- INPUT DATA -
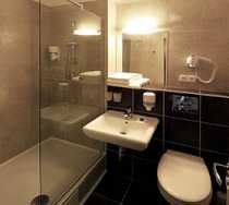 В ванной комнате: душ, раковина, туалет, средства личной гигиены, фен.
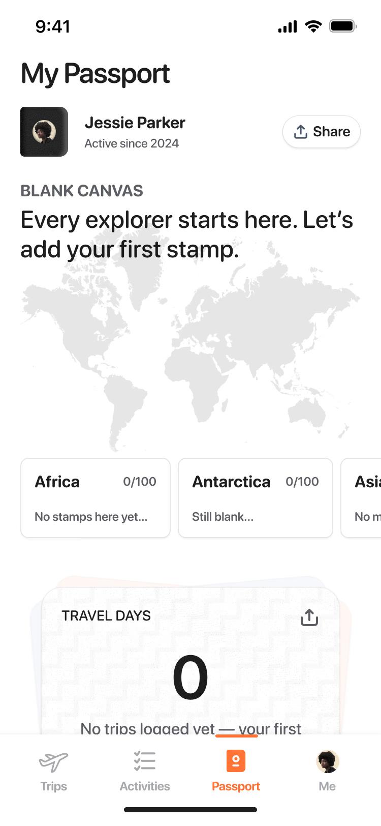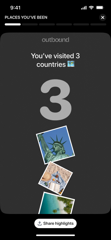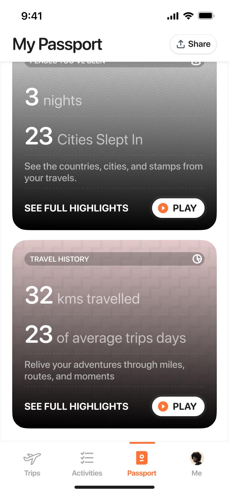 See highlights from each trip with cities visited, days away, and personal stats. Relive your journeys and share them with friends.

...

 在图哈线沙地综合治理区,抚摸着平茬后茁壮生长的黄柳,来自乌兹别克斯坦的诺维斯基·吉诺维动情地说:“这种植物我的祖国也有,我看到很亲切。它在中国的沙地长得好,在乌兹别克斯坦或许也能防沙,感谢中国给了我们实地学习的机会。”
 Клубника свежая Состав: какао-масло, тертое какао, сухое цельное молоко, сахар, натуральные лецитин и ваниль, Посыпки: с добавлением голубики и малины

--

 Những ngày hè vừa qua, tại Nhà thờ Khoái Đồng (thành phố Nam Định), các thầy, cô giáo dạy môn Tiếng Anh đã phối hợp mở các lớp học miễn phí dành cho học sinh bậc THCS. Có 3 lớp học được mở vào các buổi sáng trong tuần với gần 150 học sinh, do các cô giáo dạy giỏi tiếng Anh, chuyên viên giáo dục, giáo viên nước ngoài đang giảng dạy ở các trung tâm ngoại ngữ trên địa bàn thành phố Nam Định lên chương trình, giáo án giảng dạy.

- AIM OF THE EXERCISE -
Only one part of the material above is wanted: the lines from the one with "В ванной комнате: душ, раковина, туалет, средства" up to and including the one with "See highlights from". Please copy them exactly, pictures left out.

- OUTPUT OF THE EXERCISE -
 В ванной комнате: душ, раковина, туалет, средства личной гигиены, фен.
 See highlights from each trip with cities visited, days away, and personal stats. Relive your journeys and share them with friends.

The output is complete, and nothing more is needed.